-- WHAT YOU HAVE TO DO --
Only the pictures are to be left out; please reproduce everything else in the data exactly.

-- INPUT DATA --
· · · · · · ·
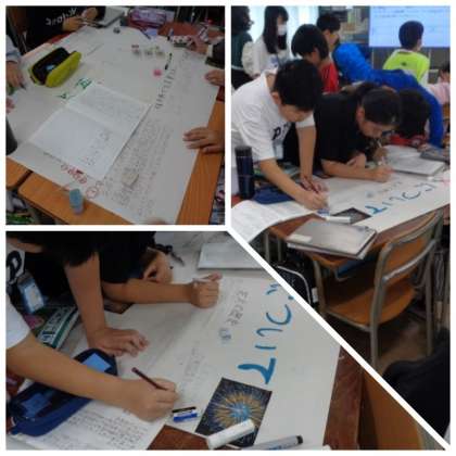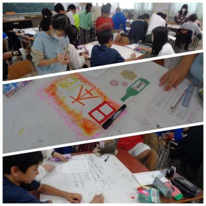 5年生が和の文化について調べたことを、大きな模造紙にまとめる学習に取り組んでいました。それぞれが設定したテーマについて分かったことを、わかりやすく伝えるための工夫を考えながら、作業を進めていました。
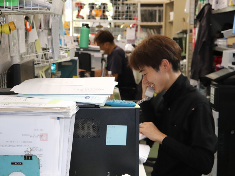 スタッフJ Speaking: 前日に、明日の配達の場所や生コンの現場の情報を共有し、円滑に業務を遂行しています。
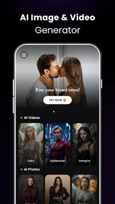 AI Kiss Video Maker to turn your loved one's photos into live animation video effects.
· · · · · · ·
-- OUTPUT OF THE TASK --
 5年生が和の文化について調べたことを、大きな模造紙にまとめる学習に取り組んでいました。それぞれが設定したテーマについて分かったことを、わかりやすく伝えるための工夫を考えながら、作業を進めていました。
 スタッフJ Speaking: 前日に、明日の配達の場所や生コンの現場の情報を共有し、円滑に業務を遂行しています。
 AI Kiss Video Maker to turn your loved one's photos into live animation video effects.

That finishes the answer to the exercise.